Even when he’s working the British indie biopic sector, we’re used to seeing Serkis go large and looming as Martin Hammett in 24-Hour Party People, as Ian Brady in Longford and as Ian Dury in the Sex Drugs Rock Roll. It’s odd to encounter the same actor playing with stillness and mostly delicate movements. Or is it?
“People assume – not unreasonably – that Gollum and Caesar are all about the physicality,” says Serkis. “But if you look closely at those films, you’ll see the real acting is all done in the close ups. What performance capture has taught me over the years is a real sense of focus and a way to internalise. I had a lot of energy as a younger actor, but it was performance capture that allowed me to transition from stage to screen. I have a stillness that I don’t think I had before.”

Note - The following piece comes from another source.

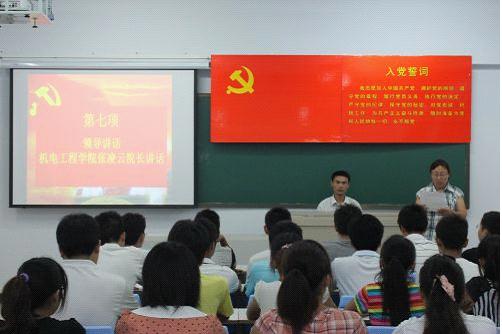 为了迎接建党91周年,机电工程学院组织新老党员于6月26日下午5时,在米兰·(milan)体育官网新校区三号教学楼502教室举行了“新党员宣誓老党员重温入党誓词”活动。机电工程学院全体教工党员、新入党的预备党员及入党积极分子代表100余人参加了会议。会议由机电工程学院团总支书记李鑫老师主持。
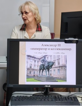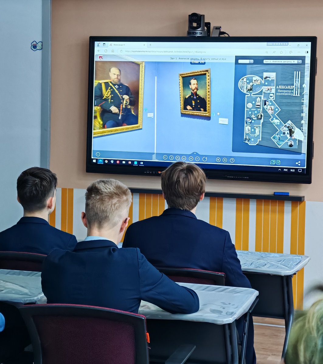 Познакомиться с императором Александром III как с личностью, увлечённой творчеством и коллекционированием, участникам занятия помог виртуальный тур «Александр III – император и коллекционер», созданный на основе временной выставки, проходившей в Русском музее в 2020 году. Благодаря туру участники смогли совершить виртуальное путешествие по залам выставки, детально рассмотреть экспонаты, а также прослушать аудиогиды, посвящённые наиболее значимым произведениям живописи и декоративно-прикладного искусства.

In this spirit, the actor who once specialised in Stanislavski and Brecht is, he reckons, a lot less likely to take his work home than was once the case. “When I play darker characters it can still be a challenge,” says Serkis, who lives in Crouch End with his wife of 10 years and their three children. “But I’m a lot less susceptible to method now. As your children are growing up, you have to learn to put down the file, come home and be present. You can’t go down to watch your kids playing football and be thinking about the scene you’re doing on Monday. They have real-life issues and problems. Yours are only made up.”